When you copy from the entries that follow, take only the lines from the one with "Замена разбитой укрепительной" down to the one with "今朝、雨が降っていたので運動場では遊べず。図書室で静かに過ごしていた人たち。", keeping both ends and dropping every picture.

● **EXERCISE INPUTS**
☆ ☆ ☆
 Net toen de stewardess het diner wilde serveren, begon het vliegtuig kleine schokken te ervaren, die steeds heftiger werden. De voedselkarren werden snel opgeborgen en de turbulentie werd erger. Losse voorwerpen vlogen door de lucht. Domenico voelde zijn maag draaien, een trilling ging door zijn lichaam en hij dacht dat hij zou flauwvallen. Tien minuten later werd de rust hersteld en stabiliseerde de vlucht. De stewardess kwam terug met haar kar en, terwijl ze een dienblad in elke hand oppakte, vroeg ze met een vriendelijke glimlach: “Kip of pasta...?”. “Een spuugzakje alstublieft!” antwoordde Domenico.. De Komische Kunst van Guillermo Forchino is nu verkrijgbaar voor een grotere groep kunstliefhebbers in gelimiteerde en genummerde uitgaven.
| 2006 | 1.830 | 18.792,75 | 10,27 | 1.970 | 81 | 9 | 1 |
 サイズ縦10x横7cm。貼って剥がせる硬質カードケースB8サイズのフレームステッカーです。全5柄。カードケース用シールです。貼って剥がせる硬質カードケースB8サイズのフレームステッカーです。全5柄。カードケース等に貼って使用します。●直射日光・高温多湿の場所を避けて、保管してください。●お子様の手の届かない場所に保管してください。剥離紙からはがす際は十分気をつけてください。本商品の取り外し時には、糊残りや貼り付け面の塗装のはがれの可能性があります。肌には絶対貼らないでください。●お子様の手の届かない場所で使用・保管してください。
☆ ☆ ☆
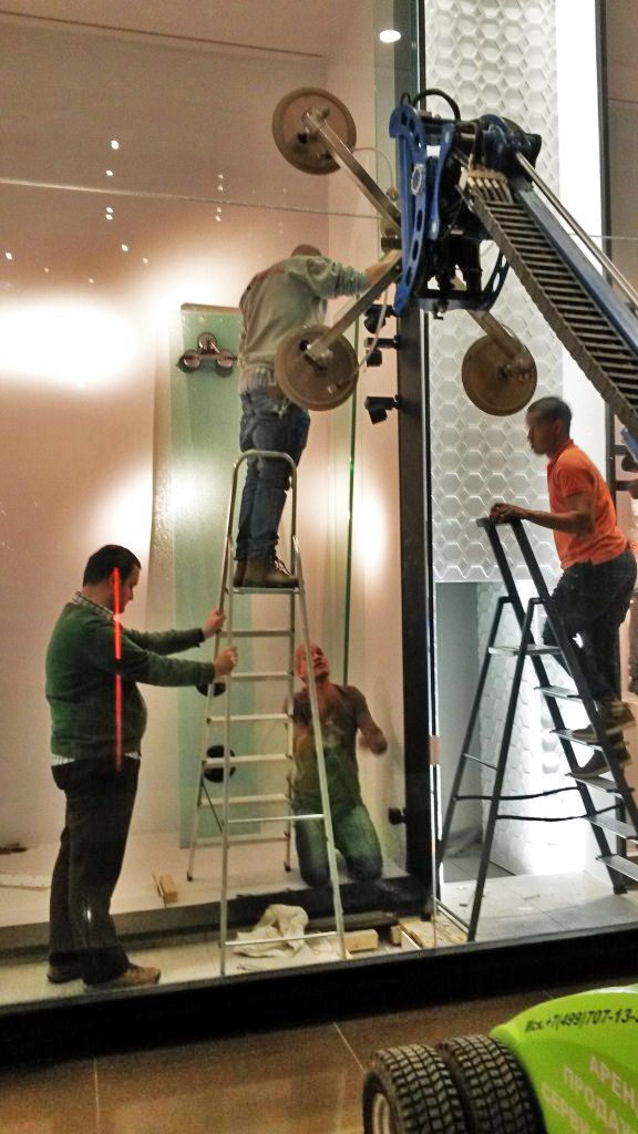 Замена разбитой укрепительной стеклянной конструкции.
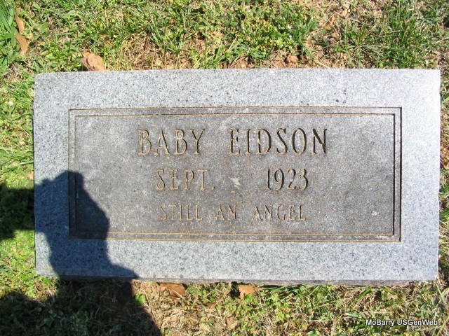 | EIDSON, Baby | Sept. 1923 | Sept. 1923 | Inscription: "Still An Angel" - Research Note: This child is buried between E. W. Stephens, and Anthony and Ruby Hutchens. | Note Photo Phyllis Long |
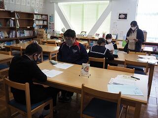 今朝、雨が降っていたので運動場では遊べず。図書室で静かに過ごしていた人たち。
☆ ☆ ☆
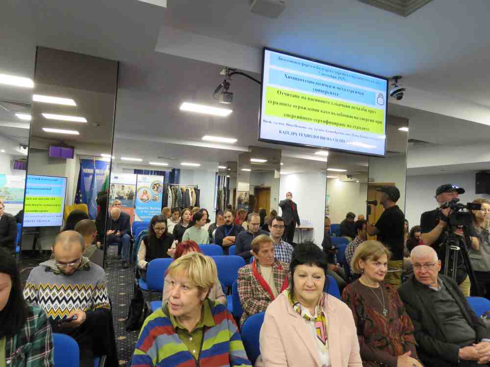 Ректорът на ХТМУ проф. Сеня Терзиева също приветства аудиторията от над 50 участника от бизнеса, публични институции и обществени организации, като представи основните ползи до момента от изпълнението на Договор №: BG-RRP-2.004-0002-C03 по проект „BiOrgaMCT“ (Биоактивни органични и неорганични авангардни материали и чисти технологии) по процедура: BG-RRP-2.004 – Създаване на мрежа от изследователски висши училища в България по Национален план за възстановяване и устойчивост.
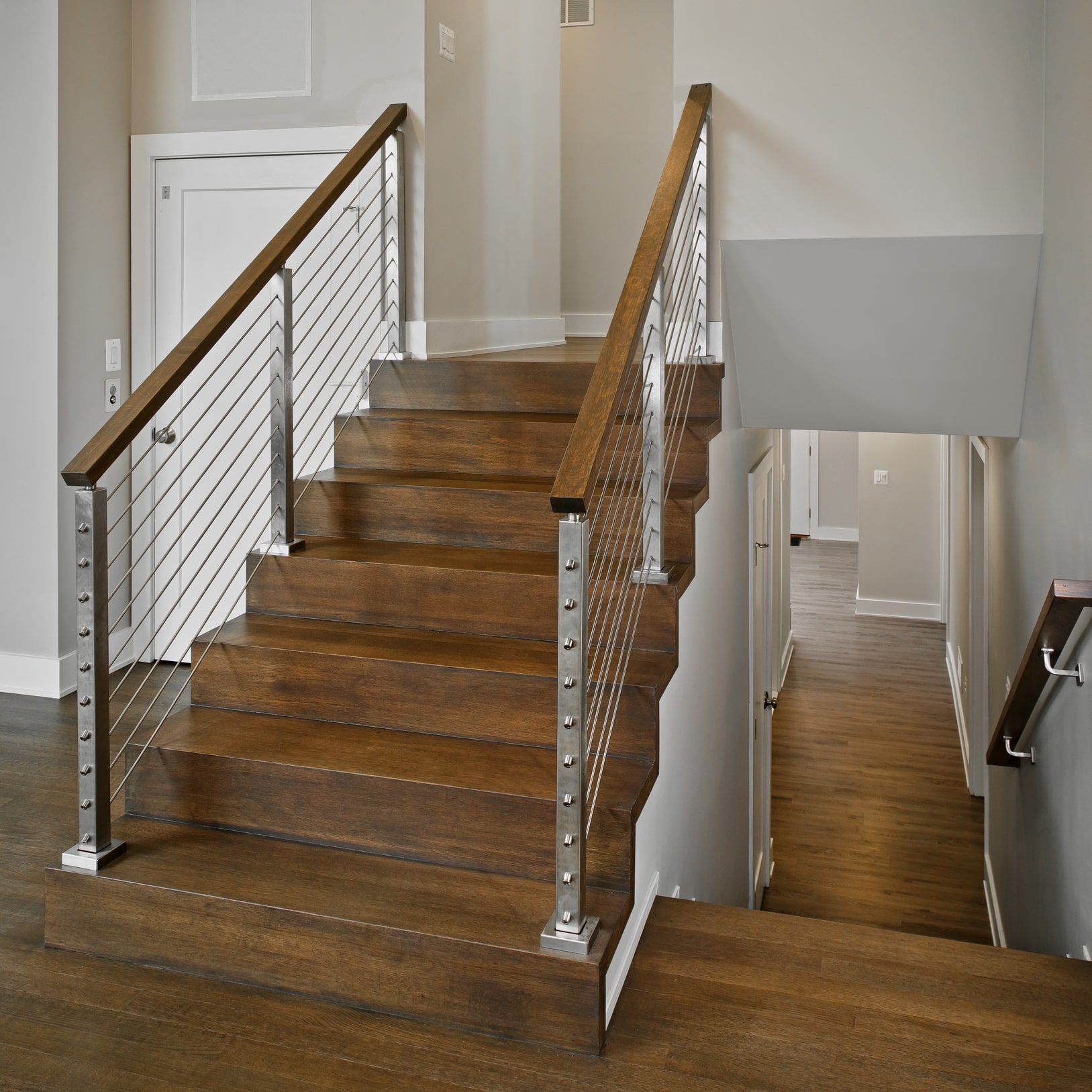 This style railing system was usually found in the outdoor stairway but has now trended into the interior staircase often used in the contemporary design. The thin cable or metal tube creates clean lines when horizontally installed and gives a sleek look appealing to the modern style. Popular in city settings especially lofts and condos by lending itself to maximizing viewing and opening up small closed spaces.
☆ ☆ ☆
● **REPLY TO THE EXERCISE**
 Замена разбитой укрепительной стеклянной конструкции.
 | EIDSON, Baby | Sept. 1923 | Sept. 1923 | Inscription: "Still An Angel" - Research Note: This child is buried between E. W. Stephens, and Anthony and Ruby Hutchens. | Note Photo Phyllis Long |
 今朝、雨が降っていたので運動場では遊べず。図書室で静かに過ごしていた人たち。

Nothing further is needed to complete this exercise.